IN labor disputes notification of employee layoffs occupies a special place. After all, violation of the order and the timing of its delivery can lead to reinstatement at work. And, that means, during forced absence. In general, it is difficult for an employer to find pleasant moments in such a situation.

Therefore, both for the employer (when preparing a layoff notice) and for the employee (when reading the document), the information below will be useful. You can also check with the site’s duty lawyer for current details of staff or position reductions.

Example of a notice of layoff of an employee

Limited Liability Company "Krona"

OGRN 368961684646 INN 877951354354

legal address: 142019, Russia, Moscow region, Domodedovo, st. Kirova, 20

Shchelokov Igor Valerievich

address: 142016, Moscow region,

Domodedovo, st. Vasilyevskaya, 37-8,

sales manager

economic department

Dear Igor Valentinovich!

In accordance with Art. 180 of the Labor Code of the Russian Federation, we notify you that due to a reduction in the staff of the Limited Liability Company "Krona" (order No. 38 of February 10, 2018), the position of sales manager in the economic department that you occupy is subject to reduction from April 20, 2018 .

According to Art. 81 of the Labor Code of the Russian Federation, we offer you the following vacant positions available in the Company as of February 19, 2018:

  1. Accountant, salary 19,500 rubles.
  2. Purchasing manager, salary 18,000 rubles.
  3. Senior specialist in the economic department, salary 16,000 rubles.

The employment contract with you will be terminated on April 20, 2018 due to a reduction in staff in the event of refusal to fill a vacant position or the absence of vacant positions (clause 2, part 1, article 81 of the Labor Code of the Russian Federation). Upon dismissal, you will be paid severance pay in the amount of average monthly earnings. You will also retain your average monthly earnings for the period of employment after the date of dismissal, but no more than 2 months (Article 178 of the Labor Code of the Russian Federation).

According to Art. 180 of the Labor Code of the Russian Federation, by agreement between the employer and the employee, the employment contract with you can be terminated before the expiration of 2 months from the date of delivery of this notice. IN in this case please make a written statement.

Until the termination of the employment contract, you are required to perform your functional duties in the position being replaced and comply with the internal labor regulations.

General Director of Bolshie S.K.

I have read the notice of staff reduction in the organization and the list of vacant positions. From the vacancies offered to me ____________.

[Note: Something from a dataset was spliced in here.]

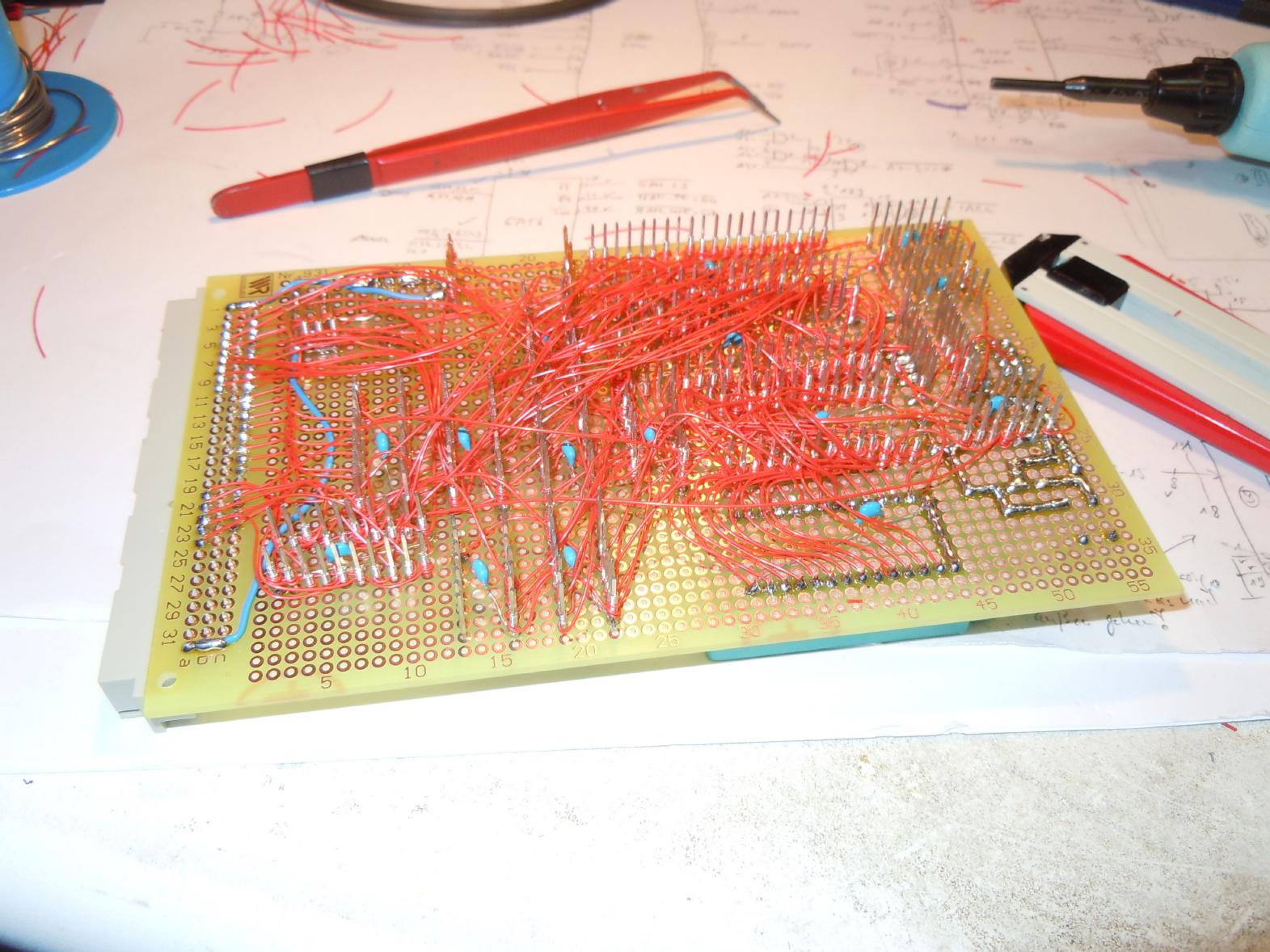 While the processor card worked quite right out of the box, the IDE controller was bit of a challenge since there were two independent bugs buried in its logic. The first problem was that the 74LS32 quad OR gate chip was defective (this is all the more puzzling since it was a new device). But more difficult to find was a mistake I did concerning the two select lines of the IDE device. I "thought" that I had understood the IDE logic and wired one of the /CS-lines to ground as I would have done with any TTL chip requiring two chip select lines. I did not realize that the two /CS lines act in fact as yet another address line and allow access to the upper registers of the IDE device. Fixing this bug was extremely simple, but finding it was hard since I was so sure that grounding the second /CS line was the right thing to do. :-) |

02/19/2018 Shchelokov I.V.

Contents of the notice of dismissal of an employee

The document is drawn up personally for each employee after the order to reduce the number or staff is issued. That is, about the reduction of staffing units (real, not vacant) for a certain position, or the elimination of staffing units for one or more positions.

The notice is required to be drawn up and delivered to each employee subject to layoffs. And it is necessary to familiarize yourself with the document against signature at least 2 months before termination of the contract.

Our example represents the most complete notification in terms of content. Labor Code and other regulatory legal acts do not contain unified form document. Be sure to indicate the number and date of the layoff order, the fact of termination of the employment contract (and date). Vacant positions may also be offered in separate documents. It is important that they are offered before dismissal. The same qualifications (or, if not, a lower position or lower paid job).

How to give notice of layoff to an employee

Since the employee is with the employer in labor relations, serving a notice is usually not difficult. There must be 2 copies of the document. One is given to the employee, the other is for personal use. And on the second copy it is necessary to put the recipient’s signature, date and transcript. Or make up , .

When preparing a notice of layoff of an employee, please note that some employees have additional guarantees (Part 6 of Article 81, Part 2 of Article 261, Part 2 of Article 82, Part 3 of Article 39, Part 2 of Article 405 Labor Code of the Russian Federation), otherwise you will have to satisfy.